Detect Alzheimer’s disease early with a blood test
Aside from a cure, which still seems a long way off, there is another “Holy Grail” of cancer research. Alzheimer’s disease This biomarker anticipate the first symptoms of this neurodegenerative disease causing 60% and 80% of dementia cases. The largest study to date, conducted by Spanish researchers, has identified a biomarker that will allow early detection of this disease using a simple blood test. This was achieved by a research team led by Alzheimer’s Center Ace in Barcelonain collaboration with Sant Pau Hospital from the same city. The study was published in the journal “Electronic medicine”from the Lancet group.
This biological snitch plasma biomarker pTau181a protein that has been known for 20 years to be involved in the degenerative process of Alzheimer’s disease.
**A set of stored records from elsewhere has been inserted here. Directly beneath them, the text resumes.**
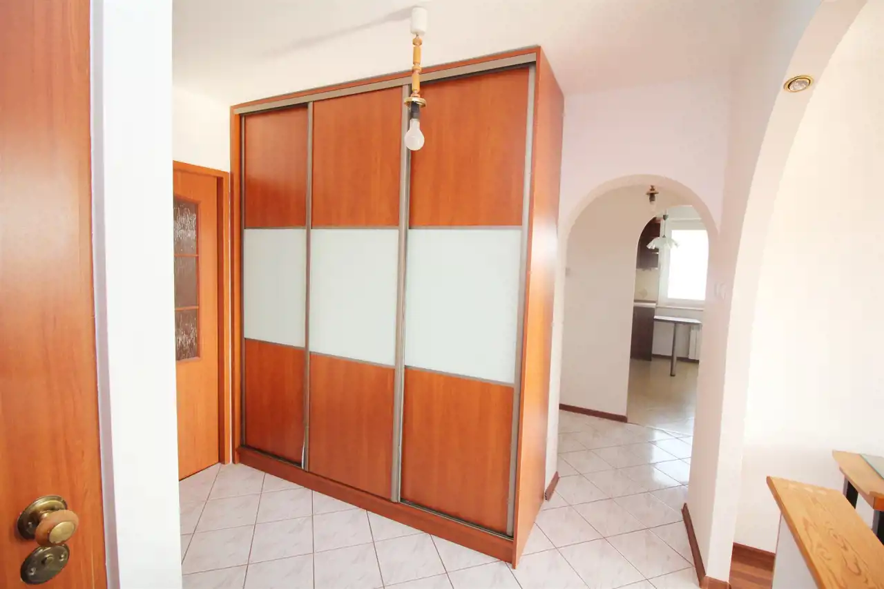 W przedpokoju oraz w małym pokoju znajdują się pojemne szafy garderobiane w zabudowie.
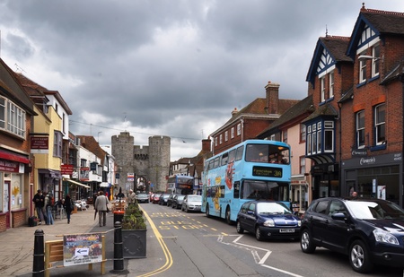 Canterbury, United KIngdom - April 20, 2012: The main street and original fortified gates of the historic town of Canterbury.
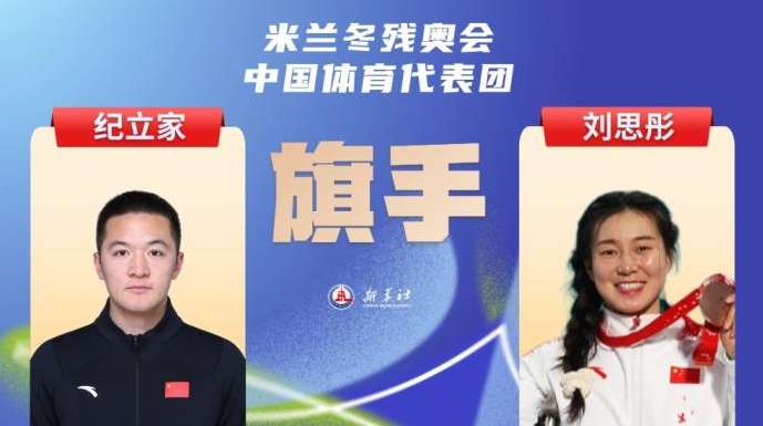 中国体育代表团当地时间5日宣布,女子高山滑雪运动员刘思彤和男子单板滑雪运动员纪立家将担任米兰冬残奥会开幕式中国体育代表团旗手。
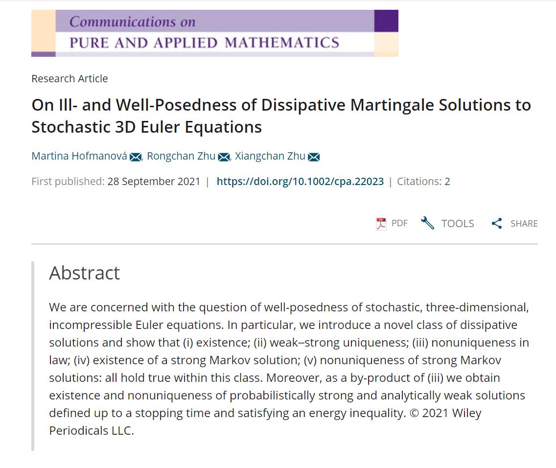 日前,必威西汉姆联朱蓉禅教授在国际顶级学术期刊《Communications on Pure and Applied Mathematics》上发表了题为《On Ill- and Well-Posedness of Dissipative Martingale Solutions to Stochastic 3D Euler Equations》的研究论文。该研究首次对于随机三维欧拉方程提出了耗散鞅解的概念并证明了耗散鞅解的存在性、弱强唯一性、分布不唯一、马氏解的存在性和不唯一性。更进一步,朱蓉禅教授和合作者证明了随机三维Navier-Stokes方程的马氏解不唯一,并对随机三维Navier-Stokes方程首次构造了概率意义的强解,解决了随机偏微分方程领域一个困扰多年的问题。相关结果近期被概率论顶级期刊《The Annals of probability》接收。
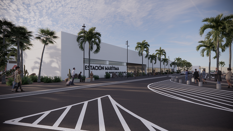 El diseño y construcción de la nueva estación es obra del estudio de arquitectura canario Romera y Ruiz Arquitectos. Un edificio compuesto de piezas de hormigón prefabricado, grandes cristaleras de vidrio y una cubierta formada por una serie de planos inclinados. “Este peculiar diseño permite la apertura de franjas horizontales a modo de lucernarios que aportarán al interior de la estación luz y ventilación natural”, afirma el director gerente de Puertos Canarios Manuel Ortega.
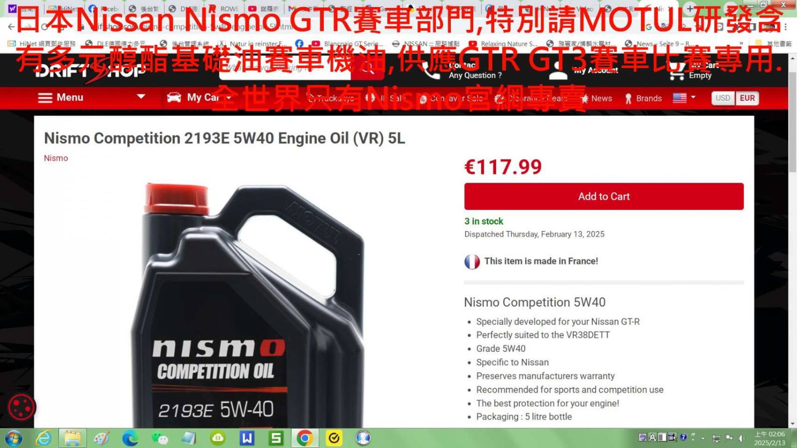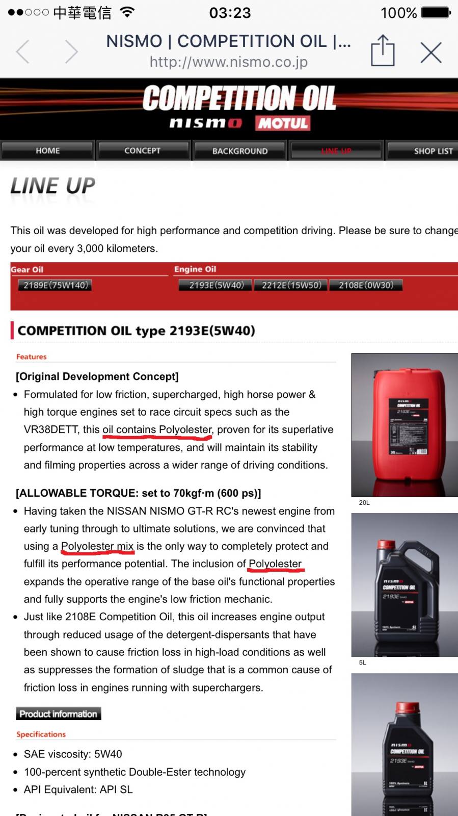 Competition oil type 2193E (5W40)此款油品是NISSAN NISMO和Motul合作開發專為賽車使用的機油。(競賽機油-含有多元醇酯基礎油)
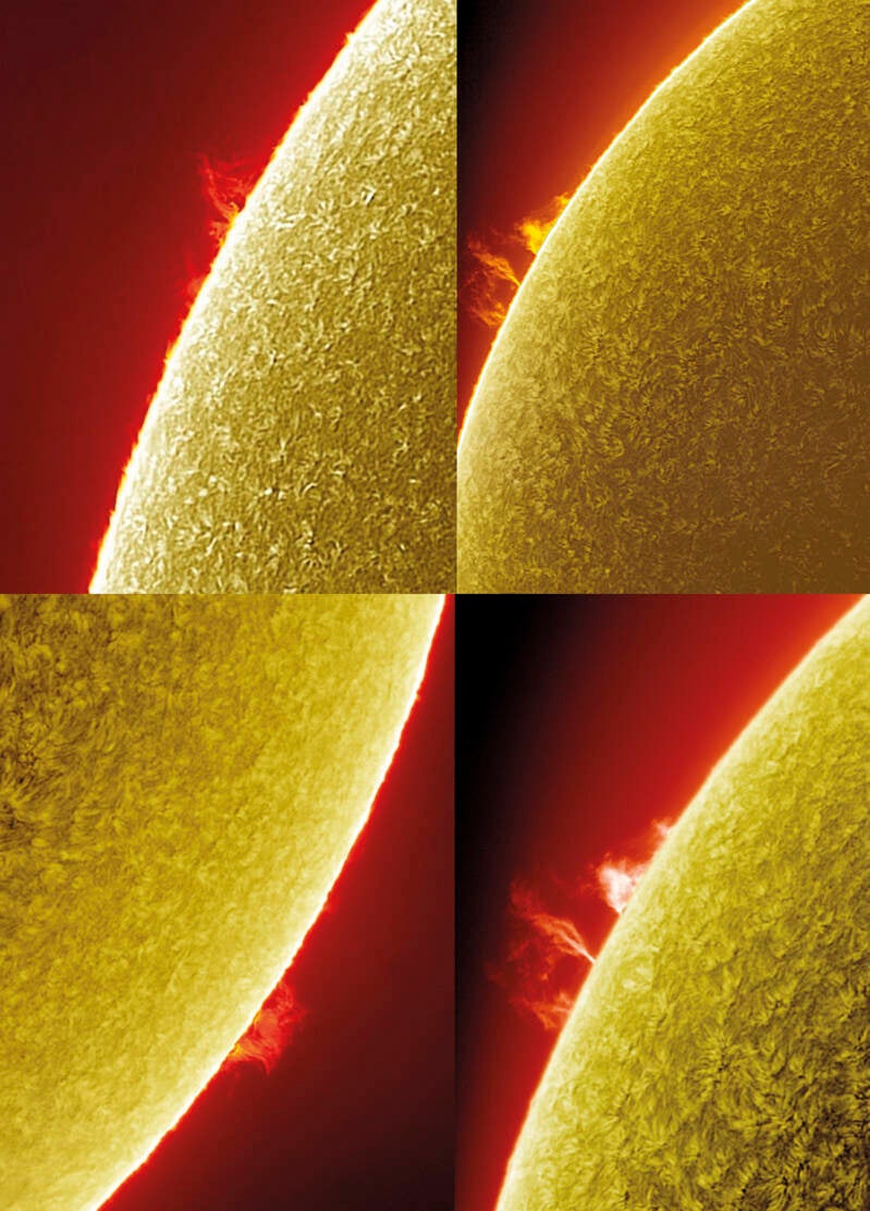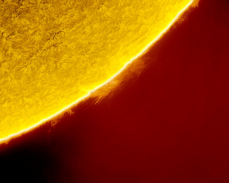 Le protuberanze solari sono grandi strutture di gas incandescente che si ergono dalla superficie del Sole, formando un'imponente e spettacolare manifestazione dell'attività solare. Sono costituite principalmente da idrogeno ionizzato e sono visibili come formazioni ad arco che si estendono dalla fotosfera solare verso l'esterno.

The study was conducted in a memory clinic with a very large sample of over 2000 patients and lasted 8 years. Biomarker pTau181 in blood It has a sensitivity of 94% and an accuracy of about 80%. According to the Ace Alzheimer Center Barcelona, to identify patients at high risk of developing Alzheimer’s disease in the early stages.
“Alzheimer’s disease is very difficult to detect in its early stagesbecause when the patient begins to show the first clinical symptoms, the changes that have occurred in the brain appeared 15 years earlier,” he explains. Amanda Canoresponsible for Molecular Biology and Biomarkers Program at the Ace Alzheimer’s Center in Barcelona and head of the research group. “Therefore,” he adds, “at this stage the patient does not have any sense of having a problem, and today we do not have any diagnostic or detection method that can solve this problem at these stages.”
Tau181 protein It serves to maintain the structure of neurons, but when changes occur in its structure, it stops functioning and tends to accumulate inside those nerve cells. “These aggregates cause a neurotoxic current. which is typical for this disease, the researcher emphasizes. Detecting levels of this protein means we can understand or visualize the occurrence of this pathology,” he adds.
Dr. Cano, the study’s first author, notes that biomarkers of Alzheimer’s disease are currently measured either by extracting cerebrospinal fluid using lumbar puncture – injection near the spinal cord, similar to an epidural – or through neuroimaging in which the patient is injected with a substance with a certain radioactive activity, and then an image of the brain lesion is obtained. “Both interventions, lumbar puncture and neuroimaging techniques, are invasive for the patient and very expensive for the healthcare system; by the day Today they are recommended only when the suspicion of the disease is very high.are not recommended in these initial stages,” he says. Using this biomarker could reduce the need for lumbar punctures by 39 percent.
clinical data they collected over 8 years, on over 2000 patients served as a comparison for this biomarker, which can be obtained non-invasively and is available in primary health care centers through a simple blood draw. This will speed up diagnosis at increasingly earlier stages, at which it is still possible to intervene and use new drugs such as Lekembi (lekanemab)which slows the progression of Alzheimer’s disease in the initial stages.